What is counterparty risk?
Physical gold and silver have no counterparty risk. So what is counterparty risk?
Counterparty risk, is the risk of one or more parties in a financial transaction defaulting on or otherwise failing to meet their obligations on that trade.
Counterparty risk is with us in everyday life, when investing or making transactions. It is the probability that the other party in a trade, investment or credit transaction might default on the contractual obligation, therefore not fulfilling its part of the deal.
It is also in investments we make in financial products such as stocks, bonds, and derivatives. These also carry counterparty risk.
Whether you like it or not, our lives are in this contractual world.
You have to stop and think, do both parties always live up to their obligations?
You may have made an investment in a company or stock and that company has gone bankrupt? (Hertz for example).
Another example is the default of so many CDO’s (collateralized debt obligations), which was a major cause of the real estate collapse and in turn, the global financial crisis in 2008.
With this in mind, any currency, any debt, any equity has counterparty risk.
These promises could be broken in many ways, such as a default on a payment (not paying the money back), fraud, or slowly broken through the debasement of a currency (printing more of it).
All fiat currencies are backed by credit (loans) on a bank’s balance sheet. If there is a major default on these loans, this can lead to bank runs and bank failure (Northern Rock for example).
Counterparty risk is all around us in daily life.
You trust that your credit or debit card will work when you buy goods in a shop, you trust that you will be paid on pay day, or an invoice for work done will be paid. You trust that the cheque or money you put in a bank will be there when you want to withdraw it. The shop you bought your goods from, must also have the same trust in a bank or a credit card provider.
All these have counterparty risk and can fail.
Physical gold and silver have no counterparty risk. Gold and silver are tangible assets. They do not derive their value from anything else as they have value in themselves. With gold and silver, an exchange is eradicated the moment the goods and gold, silver change hands.
Physical gold and silver have been traded for thousands of years. They are a safe form of investment and protection of wealth, especially during times of uncertainty.
Gold and silver can be traded easily, anywhere across the world.
Gold and silver are real tangible assets. You can physically touch gold and silver and they have a known market spot price worldwide.

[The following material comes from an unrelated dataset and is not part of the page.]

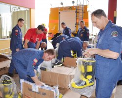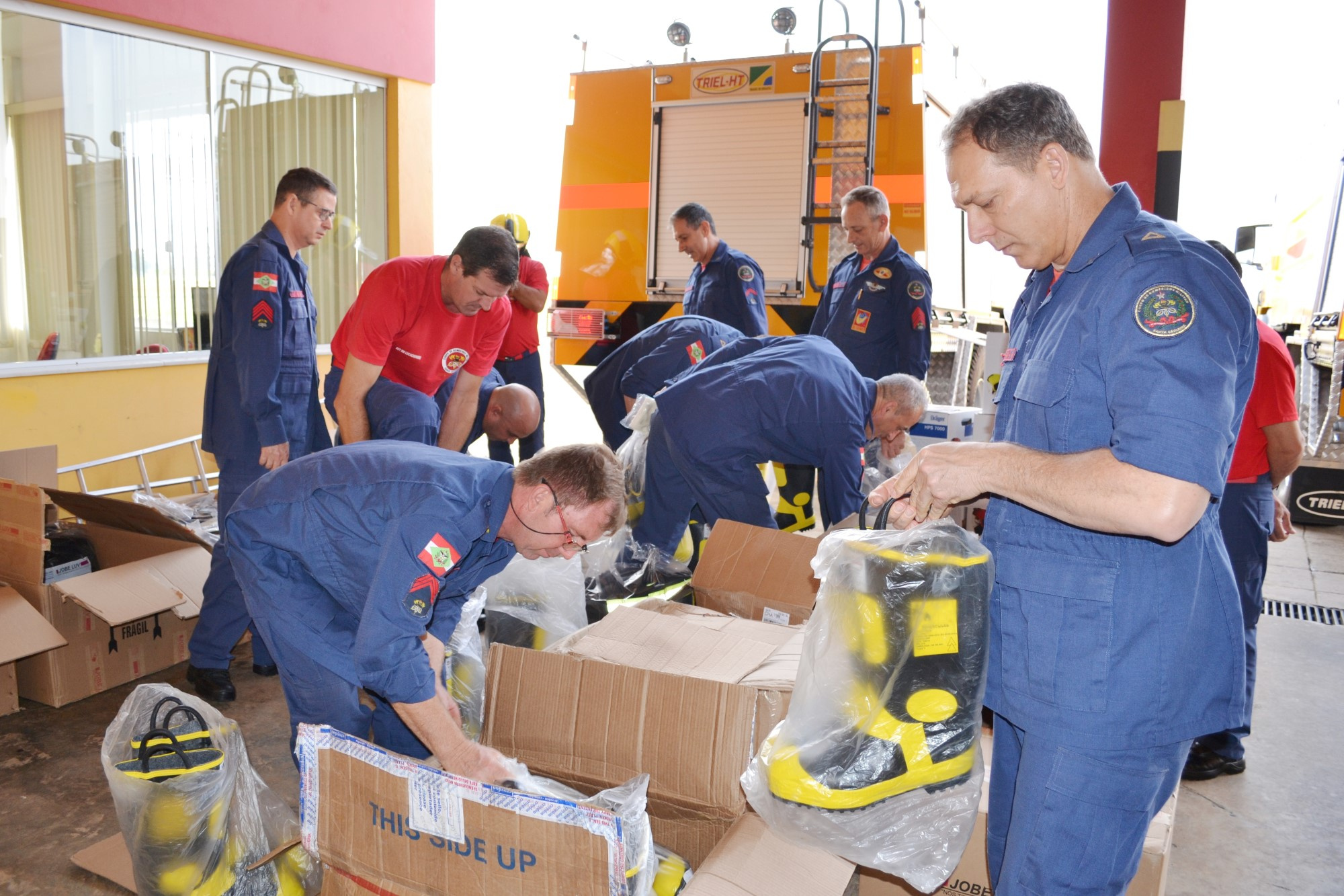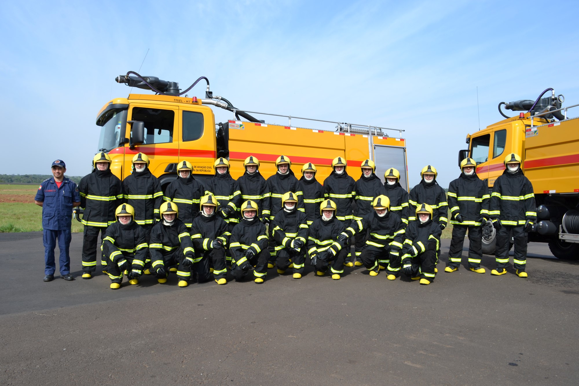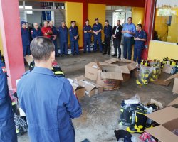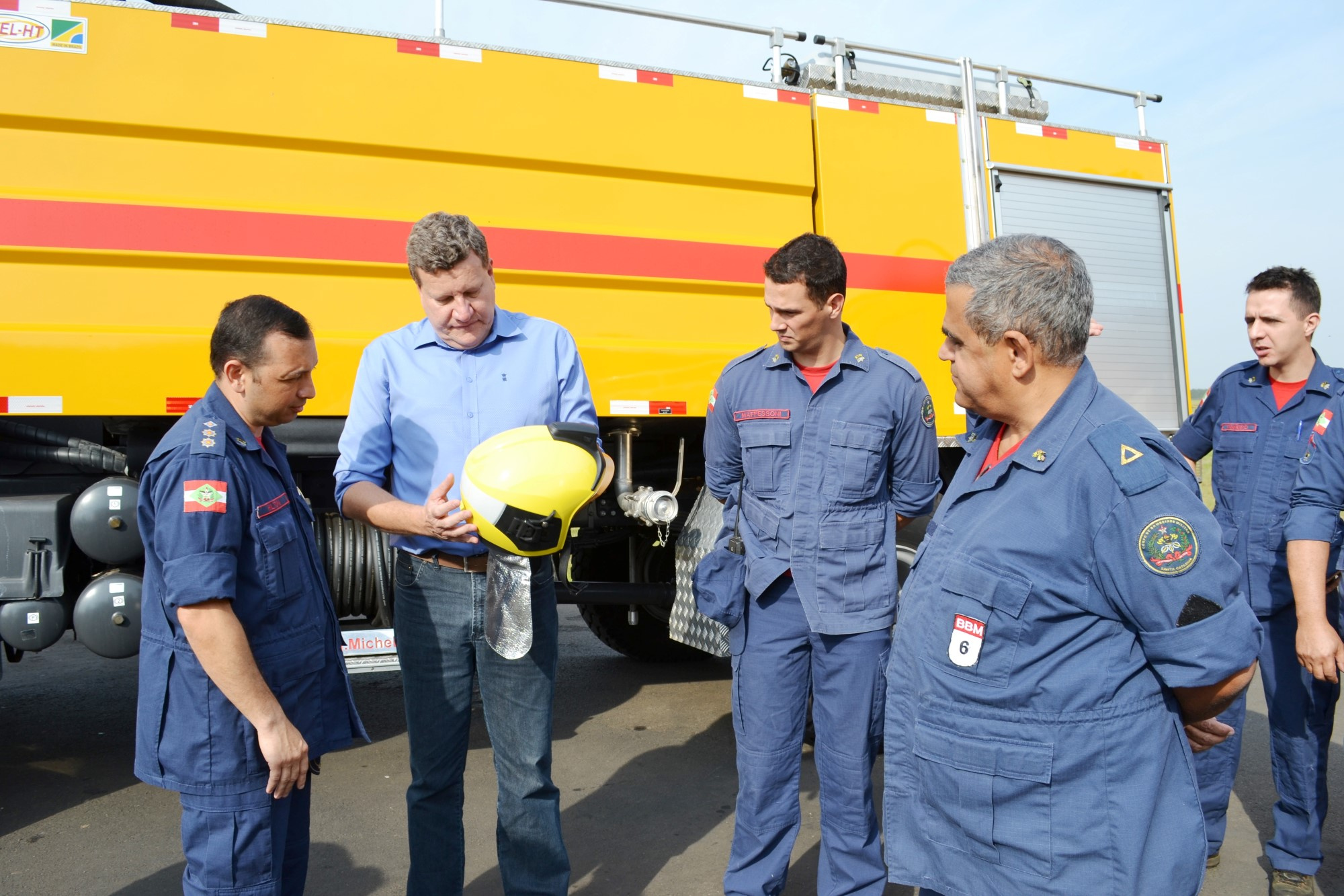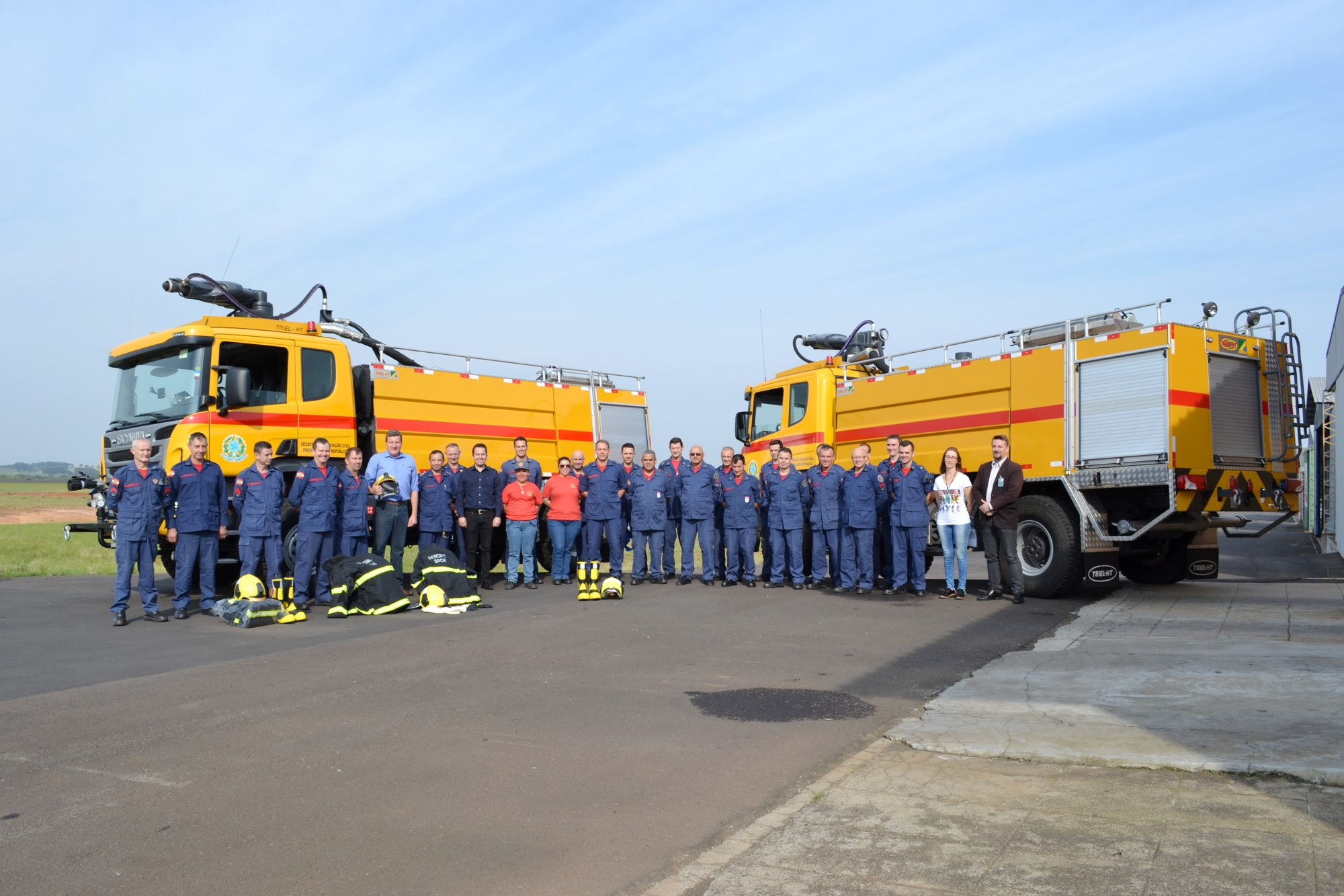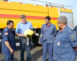 Hoje pela manhã estiveram reunidos o Prefeito Luciano Buligon, a equipe da Administração do Aeroporto, o Cel. Hilton e o novo efetivo. Os equipamentos adquiridos foram apresentados à equipe, entre eles, botas, calças e jaquetas antifogo, capacetes, ferramentas e sistemas de comunicação. Agora, tudo será documentado e remetido à ANAC para avaliação e homologação da nova categoria.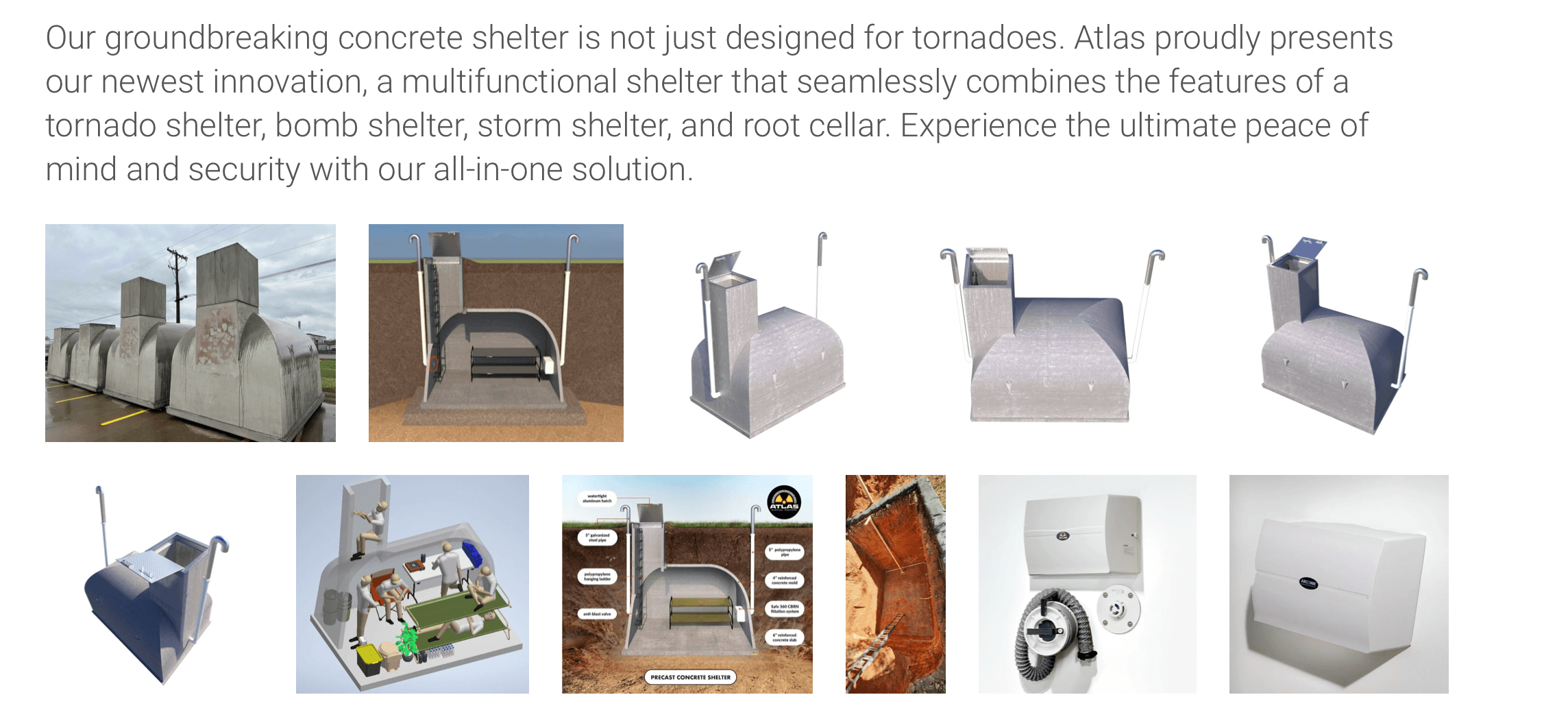 阿特拉斯出售各种庇护所,从约20,000美元到25,000美元的入门级后院模型到超过500万美元的大型奢华设施。基本单元类似于为应对风暴或短期紧急情况而设计的加固安全屋,而高端模型则旨在接近地下舒适。

Gold and silver are unable to go bankrupt, They are unable to default on payment, as you can sell gold and silver at any time knowing that the price of gold or silver will never go to zero, unlike many paper assets.
Gold and silver do not need a board of directors, or become victims of scandals or mismanagement.
Counterparty risk can be a huge risk in other standard investments such as equities, therefore, gold and silver are superior when it comes down to risk.
Gold and silver have no counterparty risk.